BEGIN PROVIDED RECORDS
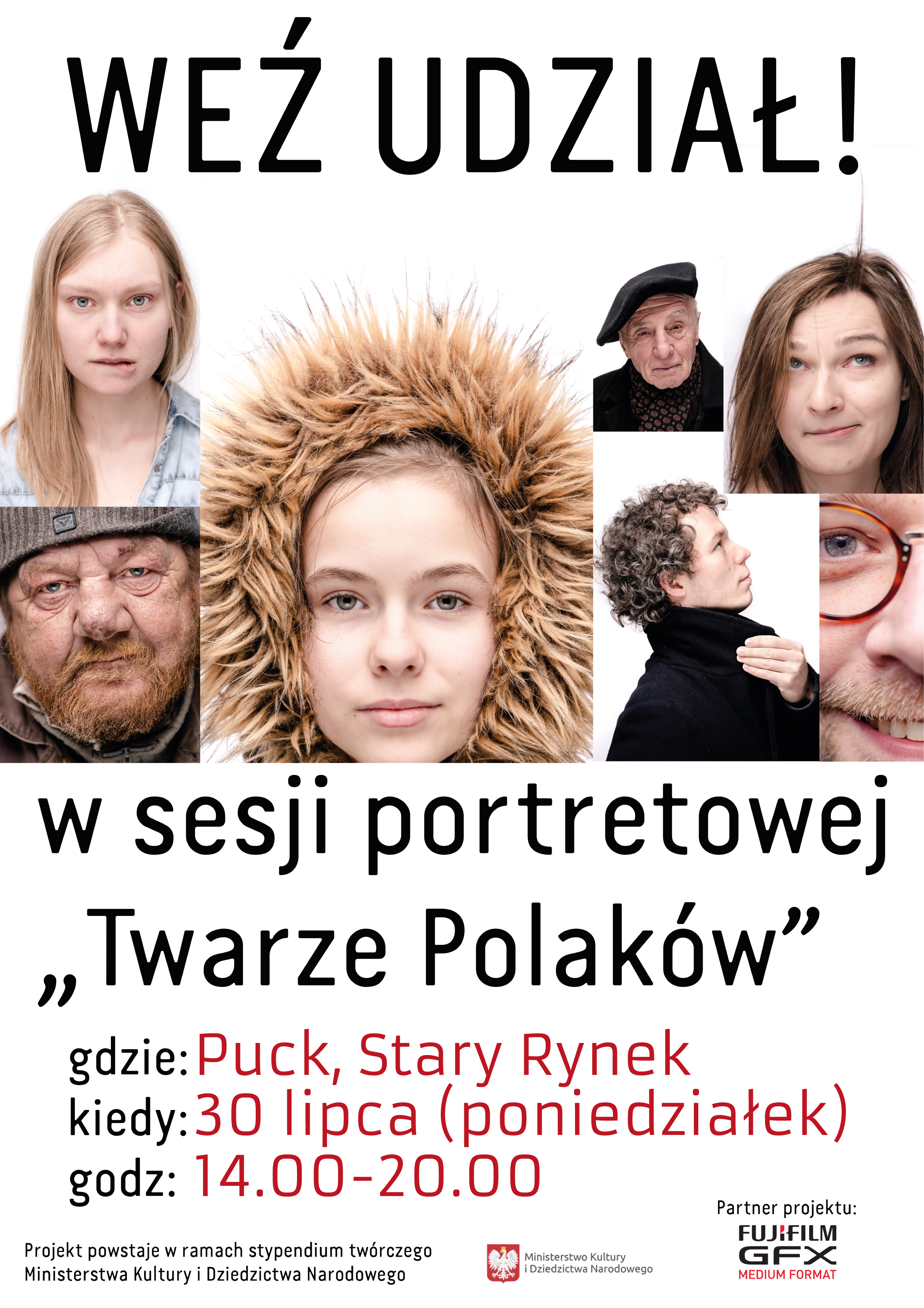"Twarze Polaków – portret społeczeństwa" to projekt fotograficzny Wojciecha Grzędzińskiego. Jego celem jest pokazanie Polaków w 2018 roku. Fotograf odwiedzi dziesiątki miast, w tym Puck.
END PROVIDED RECORDS
BEGIN PROVIDED RECORDS
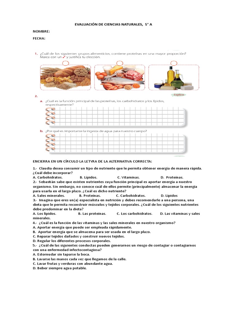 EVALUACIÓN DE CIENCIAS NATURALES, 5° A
END PROVIDED RECORDS
BEGIN PROVIDED RECORDS
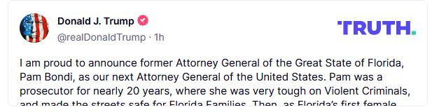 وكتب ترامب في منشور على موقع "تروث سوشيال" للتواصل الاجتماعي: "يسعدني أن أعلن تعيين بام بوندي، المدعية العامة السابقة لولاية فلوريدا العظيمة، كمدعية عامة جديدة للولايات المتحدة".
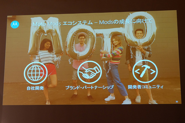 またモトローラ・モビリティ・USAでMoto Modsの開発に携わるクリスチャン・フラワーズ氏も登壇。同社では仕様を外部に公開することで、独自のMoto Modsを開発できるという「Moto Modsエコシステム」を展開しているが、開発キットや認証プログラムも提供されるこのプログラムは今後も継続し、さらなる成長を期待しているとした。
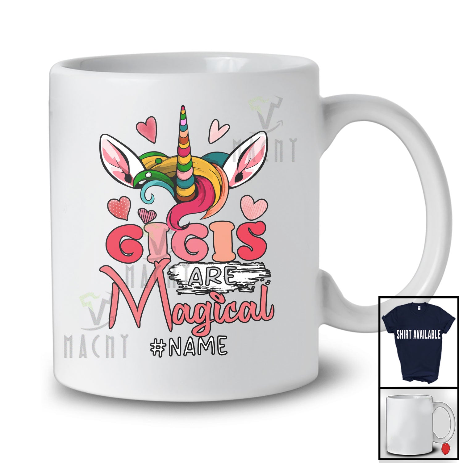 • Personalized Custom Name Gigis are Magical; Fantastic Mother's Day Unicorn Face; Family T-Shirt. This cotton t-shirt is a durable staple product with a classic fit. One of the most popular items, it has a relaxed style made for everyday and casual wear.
END PROVIDED RECORDS
TASK DETAILS » Pictures aside, print exactly the lines above starting with the one containing "وكتب ترامب في" and going on through the one containing "and casual wear.".

ANSWER BOX »
 وكتب ترامب في منشور على موقع "تروث سوشيال" للتواصل الاجتماعي: "يسعدني أن أعلن تعيين بام بوندي، المدعية العامة السابقة لولاية فلوريدا العظيمة، كمدعية عامة جديدة للولايات المتحدة".
 またモトローラ・モビリティ・USAでMoto Modsの開発に携わるクリスチャン・フラワーズ氏も登壇。同社では仕様を外部に公開することで、独自のMoto Modsを開発できるという「Moto Modsエコシステム」を展開しているが、開発キットや認証プログラムも提供されるこのプログラムは今後も継続し、さらなる成長を期待しているとした。
 • Personalized Custom Name Gigis are Magical; Fantastic Mother's Day Unicorn Face; Family T-Shirt. This cotton t-shirt is a durable staple product with a classic fit. One of the most popular items, it has a relaxed style made for everyday and casual wear.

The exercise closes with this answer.